Re: [PATCH v7 4/9] KVM: Support dirty ring in conjunction with bitmap

2022-11-04 Thread Gavin Shan

Hi Oliver,

On 11/4/22 9:06 AM, Oliver Upton wrote:

On Fri, Nov 04, 2022 at 08:12:21AM +0800, Gavin Shan wrote:

On 11/4/22 7:32 AM, Oliver Upton wrote:

On Mon, Oct 31, 2022 at 08:36:16AM +0800, Gavin Shan wrote:

ARM64 needs to dirty memory outside of a VCPU context when VGIC/ITS is
enabled. It's conflicting with that ring-based dirty page tracking always
requires a running VCPU context.

Introduce a new flavor of dirty ring that requires the use of both VCPU
dirty rings and a dirty bitmap. The expectation is that for non-VCPU
sources of dirty memory (such as the VGIC/ITS on arm64), KVM writes to
the dirty bitmap.
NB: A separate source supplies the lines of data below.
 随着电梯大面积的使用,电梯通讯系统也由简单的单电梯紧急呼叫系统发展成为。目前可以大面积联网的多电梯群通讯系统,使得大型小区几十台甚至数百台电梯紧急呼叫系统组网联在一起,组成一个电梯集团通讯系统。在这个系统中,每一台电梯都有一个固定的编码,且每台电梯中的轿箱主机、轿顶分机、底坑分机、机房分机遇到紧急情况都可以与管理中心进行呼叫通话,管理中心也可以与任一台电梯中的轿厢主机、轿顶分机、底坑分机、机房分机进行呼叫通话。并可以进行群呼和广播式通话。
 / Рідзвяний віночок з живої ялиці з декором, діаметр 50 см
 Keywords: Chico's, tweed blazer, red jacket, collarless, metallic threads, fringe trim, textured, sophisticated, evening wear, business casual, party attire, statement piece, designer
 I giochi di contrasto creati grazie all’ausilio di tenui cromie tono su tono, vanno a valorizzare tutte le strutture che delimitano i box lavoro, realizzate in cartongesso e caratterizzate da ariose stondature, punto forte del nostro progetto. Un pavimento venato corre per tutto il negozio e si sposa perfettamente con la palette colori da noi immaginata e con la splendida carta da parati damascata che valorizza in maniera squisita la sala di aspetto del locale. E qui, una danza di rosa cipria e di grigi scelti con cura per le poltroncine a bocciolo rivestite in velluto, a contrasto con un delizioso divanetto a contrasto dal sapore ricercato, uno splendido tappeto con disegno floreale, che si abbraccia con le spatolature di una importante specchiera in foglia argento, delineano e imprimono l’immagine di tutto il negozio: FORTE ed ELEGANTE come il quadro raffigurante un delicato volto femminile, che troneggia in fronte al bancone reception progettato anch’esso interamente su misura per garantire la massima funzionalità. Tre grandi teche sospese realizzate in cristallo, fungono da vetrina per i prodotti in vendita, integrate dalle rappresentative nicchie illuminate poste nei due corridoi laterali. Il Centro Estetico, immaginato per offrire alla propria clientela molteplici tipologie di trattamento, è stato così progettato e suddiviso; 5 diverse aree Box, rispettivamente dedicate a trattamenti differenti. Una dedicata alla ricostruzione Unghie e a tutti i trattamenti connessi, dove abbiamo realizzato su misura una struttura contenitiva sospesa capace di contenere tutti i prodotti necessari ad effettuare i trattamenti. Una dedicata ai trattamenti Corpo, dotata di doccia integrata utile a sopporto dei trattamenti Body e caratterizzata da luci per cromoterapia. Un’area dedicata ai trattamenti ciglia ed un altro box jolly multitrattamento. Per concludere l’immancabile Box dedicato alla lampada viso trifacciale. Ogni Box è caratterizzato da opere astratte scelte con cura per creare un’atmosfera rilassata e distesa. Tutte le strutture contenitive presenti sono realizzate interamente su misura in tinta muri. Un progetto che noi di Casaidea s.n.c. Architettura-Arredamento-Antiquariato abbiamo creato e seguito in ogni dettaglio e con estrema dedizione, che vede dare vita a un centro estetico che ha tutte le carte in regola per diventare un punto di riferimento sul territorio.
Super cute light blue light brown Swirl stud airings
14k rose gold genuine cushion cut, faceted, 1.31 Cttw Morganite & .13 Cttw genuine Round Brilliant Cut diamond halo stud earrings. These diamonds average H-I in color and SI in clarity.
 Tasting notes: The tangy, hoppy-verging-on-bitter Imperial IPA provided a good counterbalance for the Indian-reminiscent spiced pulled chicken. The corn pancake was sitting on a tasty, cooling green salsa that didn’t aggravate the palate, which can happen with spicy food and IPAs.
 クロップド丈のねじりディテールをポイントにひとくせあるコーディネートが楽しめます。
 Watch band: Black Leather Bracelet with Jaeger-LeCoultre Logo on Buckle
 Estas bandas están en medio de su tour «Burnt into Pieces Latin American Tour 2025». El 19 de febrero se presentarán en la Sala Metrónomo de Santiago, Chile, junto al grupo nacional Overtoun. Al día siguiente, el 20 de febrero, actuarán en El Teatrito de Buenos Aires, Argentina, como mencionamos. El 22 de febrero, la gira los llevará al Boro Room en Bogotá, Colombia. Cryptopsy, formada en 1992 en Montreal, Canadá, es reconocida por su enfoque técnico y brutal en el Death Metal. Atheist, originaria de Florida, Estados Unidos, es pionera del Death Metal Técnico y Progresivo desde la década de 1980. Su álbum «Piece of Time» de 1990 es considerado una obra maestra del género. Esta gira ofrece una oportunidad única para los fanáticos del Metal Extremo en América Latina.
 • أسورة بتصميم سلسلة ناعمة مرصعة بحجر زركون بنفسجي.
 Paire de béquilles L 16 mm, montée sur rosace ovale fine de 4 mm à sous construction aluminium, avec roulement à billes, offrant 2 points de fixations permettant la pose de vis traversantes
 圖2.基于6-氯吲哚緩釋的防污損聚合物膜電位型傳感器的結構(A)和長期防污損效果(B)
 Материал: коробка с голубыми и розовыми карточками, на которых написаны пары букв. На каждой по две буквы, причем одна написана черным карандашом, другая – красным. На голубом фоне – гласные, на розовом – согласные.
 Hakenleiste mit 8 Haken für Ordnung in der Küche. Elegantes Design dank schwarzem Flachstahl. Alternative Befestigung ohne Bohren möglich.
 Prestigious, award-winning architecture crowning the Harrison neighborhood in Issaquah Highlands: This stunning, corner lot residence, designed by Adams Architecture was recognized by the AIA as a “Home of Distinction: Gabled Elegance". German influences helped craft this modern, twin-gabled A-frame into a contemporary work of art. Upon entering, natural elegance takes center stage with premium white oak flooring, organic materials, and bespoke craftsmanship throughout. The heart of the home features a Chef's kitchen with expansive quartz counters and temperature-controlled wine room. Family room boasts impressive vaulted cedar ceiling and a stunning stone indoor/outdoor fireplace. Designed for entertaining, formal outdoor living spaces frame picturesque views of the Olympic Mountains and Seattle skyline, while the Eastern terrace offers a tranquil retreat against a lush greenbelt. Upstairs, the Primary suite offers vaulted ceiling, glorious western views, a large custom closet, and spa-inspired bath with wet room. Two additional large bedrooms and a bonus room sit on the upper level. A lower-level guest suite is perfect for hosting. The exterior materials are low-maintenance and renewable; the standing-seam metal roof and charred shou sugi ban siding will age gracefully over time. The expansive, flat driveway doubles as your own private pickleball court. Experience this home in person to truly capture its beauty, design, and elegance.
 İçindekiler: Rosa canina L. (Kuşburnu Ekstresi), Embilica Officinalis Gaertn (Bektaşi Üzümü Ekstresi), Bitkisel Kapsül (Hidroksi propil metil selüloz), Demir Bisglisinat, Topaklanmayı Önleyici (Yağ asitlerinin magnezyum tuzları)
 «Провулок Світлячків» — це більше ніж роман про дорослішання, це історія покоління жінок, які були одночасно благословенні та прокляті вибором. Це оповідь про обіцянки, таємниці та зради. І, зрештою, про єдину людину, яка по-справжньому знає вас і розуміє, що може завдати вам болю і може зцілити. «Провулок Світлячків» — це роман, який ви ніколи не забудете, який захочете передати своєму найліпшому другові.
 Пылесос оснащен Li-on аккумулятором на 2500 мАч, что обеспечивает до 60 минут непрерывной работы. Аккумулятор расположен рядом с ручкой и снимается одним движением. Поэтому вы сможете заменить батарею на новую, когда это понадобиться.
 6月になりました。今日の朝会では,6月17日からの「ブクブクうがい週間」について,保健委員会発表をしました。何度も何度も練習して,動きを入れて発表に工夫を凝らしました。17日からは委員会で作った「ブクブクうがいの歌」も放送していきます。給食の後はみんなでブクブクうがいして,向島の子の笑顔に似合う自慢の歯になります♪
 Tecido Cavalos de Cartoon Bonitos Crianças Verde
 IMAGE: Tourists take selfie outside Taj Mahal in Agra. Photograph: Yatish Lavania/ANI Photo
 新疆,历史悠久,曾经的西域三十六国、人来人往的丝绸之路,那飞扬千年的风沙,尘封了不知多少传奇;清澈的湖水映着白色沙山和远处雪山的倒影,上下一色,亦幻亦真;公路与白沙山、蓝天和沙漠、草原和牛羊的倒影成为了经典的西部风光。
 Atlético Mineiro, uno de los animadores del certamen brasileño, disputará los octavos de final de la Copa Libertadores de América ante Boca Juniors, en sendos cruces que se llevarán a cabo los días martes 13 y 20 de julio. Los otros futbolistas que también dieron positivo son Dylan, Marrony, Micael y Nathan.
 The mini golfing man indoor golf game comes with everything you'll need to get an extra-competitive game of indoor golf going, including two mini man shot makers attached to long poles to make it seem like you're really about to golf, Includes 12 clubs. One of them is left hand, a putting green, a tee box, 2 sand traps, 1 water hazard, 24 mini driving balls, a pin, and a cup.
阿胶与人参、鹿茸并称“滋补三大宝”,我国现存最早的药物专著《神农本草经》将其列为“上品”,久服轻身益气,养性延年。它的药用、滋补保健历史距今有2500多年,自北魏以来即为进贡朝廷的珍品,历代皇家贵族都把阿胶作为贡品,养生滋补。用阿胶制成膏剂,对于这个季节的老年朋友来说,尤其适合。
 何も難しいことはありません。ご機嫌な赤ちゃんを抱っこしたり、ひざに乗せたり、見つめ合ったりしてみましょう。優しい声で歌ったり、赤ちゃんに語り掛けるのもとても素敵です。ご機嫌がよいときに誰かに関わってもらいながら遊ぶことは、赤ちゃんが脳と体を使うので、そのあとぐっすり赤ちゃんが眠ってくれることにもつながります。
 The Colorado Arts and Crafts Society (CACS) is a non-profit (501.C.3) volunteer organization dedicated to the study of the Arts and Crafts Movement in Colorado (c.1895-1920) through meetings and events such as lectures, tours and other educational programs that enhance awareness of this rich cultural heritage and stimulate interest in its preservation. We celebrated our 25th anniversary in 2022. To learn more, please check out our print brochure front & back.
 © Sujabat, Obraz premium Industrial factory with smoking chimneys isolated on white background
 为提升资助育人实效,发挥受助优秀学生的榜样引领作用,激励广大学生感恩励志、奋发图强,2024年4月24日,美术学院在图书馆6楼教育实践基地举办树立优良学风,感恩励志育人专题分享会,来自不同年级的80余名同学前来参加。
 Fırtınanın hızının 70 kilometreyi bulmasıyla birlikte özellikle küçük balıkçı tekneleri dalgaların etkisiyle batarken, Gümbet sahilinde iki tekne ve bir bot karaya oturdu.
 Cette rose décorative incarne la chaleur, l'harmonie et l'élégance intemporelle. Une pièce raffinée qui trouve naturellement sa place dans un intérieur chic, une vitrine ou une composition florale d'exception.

Userspace should scan the dirty bitmap before migrating
the VM to the target.

Use an additional capability to advertise this behavior. The newly added
capability (KVM_CAP_DIRTY_LOG_RING_WITH_BITMAP) can't be enabled before
KVM_CAP_DIRTY_LOG_RING_ACQ_REL on ARM64. In this way, the newly added
capability is treated as an extension of KVM_CAP_DIRTY_LOG_RING_ACQ_REL.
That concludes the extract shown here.